What to work on:
Leave the images out. Give every line below again, precisely.

Dataset records:
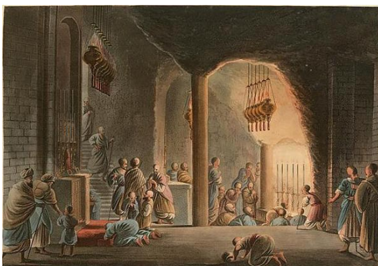
Храм в Вифлееме

Пещеры естественного и искусственного происхождения являются местом проведения сакральных церемоний и обрядов во многих мировых религиях. В данном случае, объектом изучения и анализа явились подземные сооружения на территории Российской Федерации, используемые с целью совершения богослужений православными христианами.
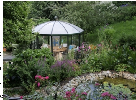
Gärten im Ruhrgebiet
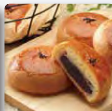
もちもちあんぱん饅頭
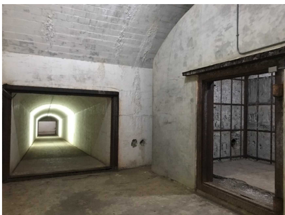
第2弾薬庫跡及び連絡通路跡
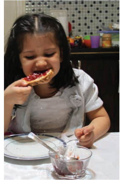
ليلي تحب مربى الفراولة

تحدث مع طفلك عما يحب وعما لا يحب، وساعده على إدراك مفهوم أنه عندما يحب شيء فرمها شخص آخر لا يجبه. فكلما كان الطفل واضح كلما أدرك أن الأشخاص يختلفون في آرائهم.
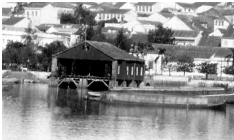
Figura 05: Trapiche da Guardamonia em 1892.
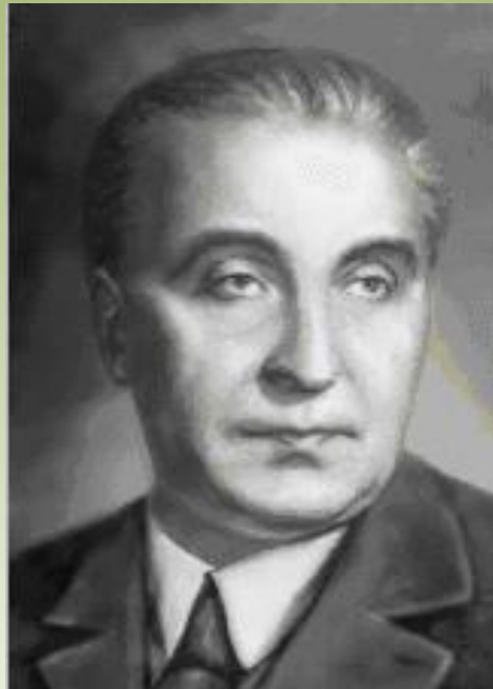
Виктор Владимирович Виноградов (1895–1969)

Предложение – это грамматически оформленная по законам данного языка целостная (т. е. неделимая далее на речевые единицы с теми же основными структурными признаками) единица речи, являющаяся главным средством формирования, выражения и сообщения мысли. В предложении выражается не только сообщение о действительности, но и отношение к ней говорящего.
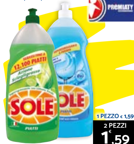
1 PEZZO € 1,59
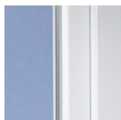
Klassisches Design mit weicher Kontur

Mit modernen Kunststofffenstern aus VEKA Profilen gewinnt jedes Haus. Denn das klassische Design des SOFTLINE Systems mit der leicht abgerundeten Kontur ist zeitlos und harmonisiert hervorragend mit unterschiedlichsten Architekturstilen – ob modern oder traditionell, ob Neubau oder Renovierung.
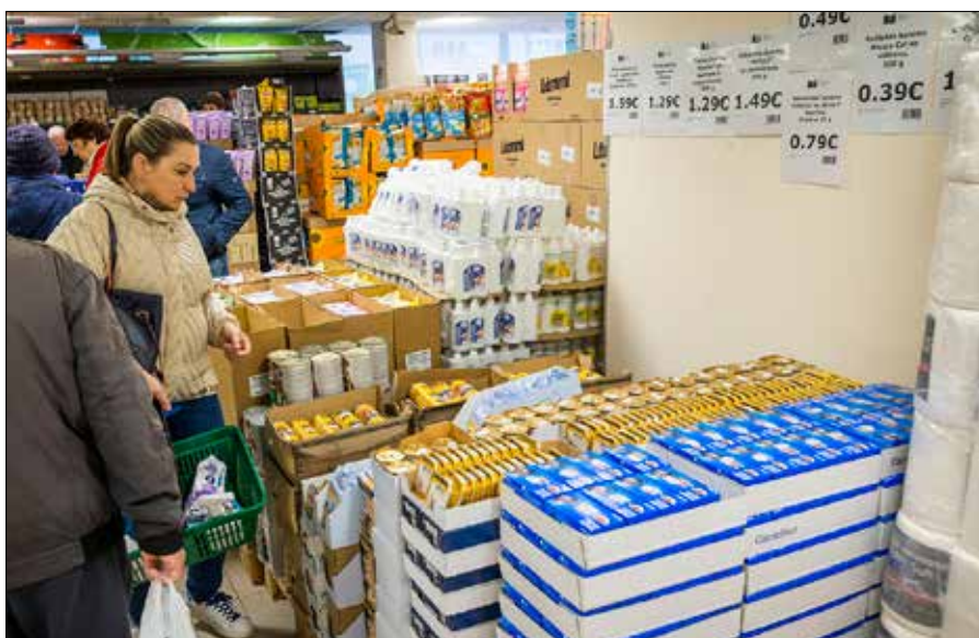
Socjaldemokrati żądają, by rząd zabrał się do regulacji cen żywności w sieciach handlowych

Opr. Aleksander Borowik na podst. inf. agencyjnych
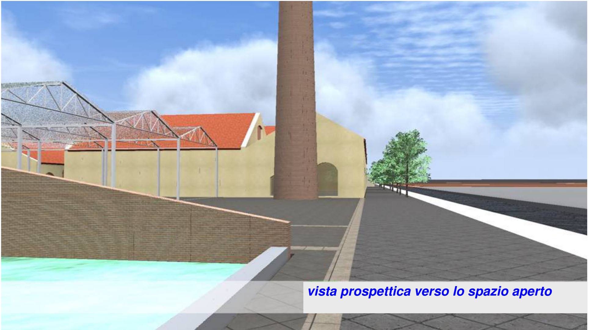
vista prospettica verso lo spazio aperto
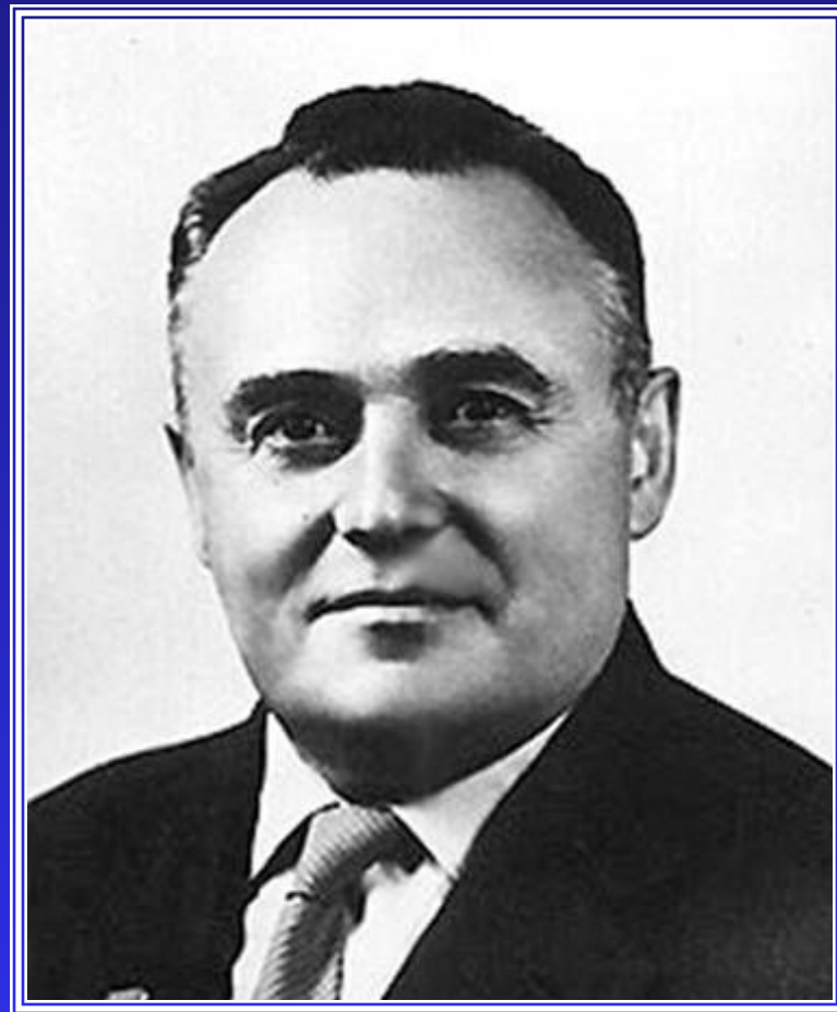
Сергей Павлович Королев

Exercise output:
Храм в Вифлееме

Пещеры естественного и искусственного происхождения являются местом проведения сакральных церемоний и обрядов во многих мировых религиях. В данном случае, объектом изучения и анализа явились подземные сооружения на территории Российской Федерации, используемые с целью совершения богослужений православными христианами.
Gärten im Ruhrgebiet
もちもちあんぱん饅頭
第2弾薬庫跡及び連絡通路跡
ليلي تحب مربى الفراولة

تحدث مع طفلك عما يحب وعما لا يحب، وساعده على إدراك مفهوم أنه عندما يحب شيء فرمها شخص آخر لا يجبه. فكلما كان الطفل واضح كلما أدرك أن الأشخاص يختلفون في آرائهم.
Figura 05: Trapiche da Guardamonia em 1892.
Виктор Владимирович Виноградов (1895–1969)

Предложение – это грамматически оформленная по законам данного языка целостная (т. е. неделимая далее на речевые единицы с теми же основными структурными признаками) единица речи, являющаяся главным средством формирования, выражения и сообщения мысли. В предложении выражается не только сообщение о действительности, но и отношение к ней говорящего.
1 PEZZO € 1,59
Klassisches Design mit weicher Kontur

Mit modernen Kunststofffenstern aus VEKA Profilen gewinnt jedes Haus. Denn das klassische Design des SOFTLINE Systems mit der leicht abgerundeten Kontur ist zeitlos und harmonisiert hervorragend mit unterschiedlichsten Architekturstilen – ob modern oder traditionell, ob Neubau oder Renovierung.
Socjaldemokrati żądają, by rząd zabrał się do regulacji cen żywności w sieciach handlowych

Opr. Aleksander Borowik na podst. inf. agencyjnych
vista prospettica verso lo spazio aperto
Сергей Павлович Королев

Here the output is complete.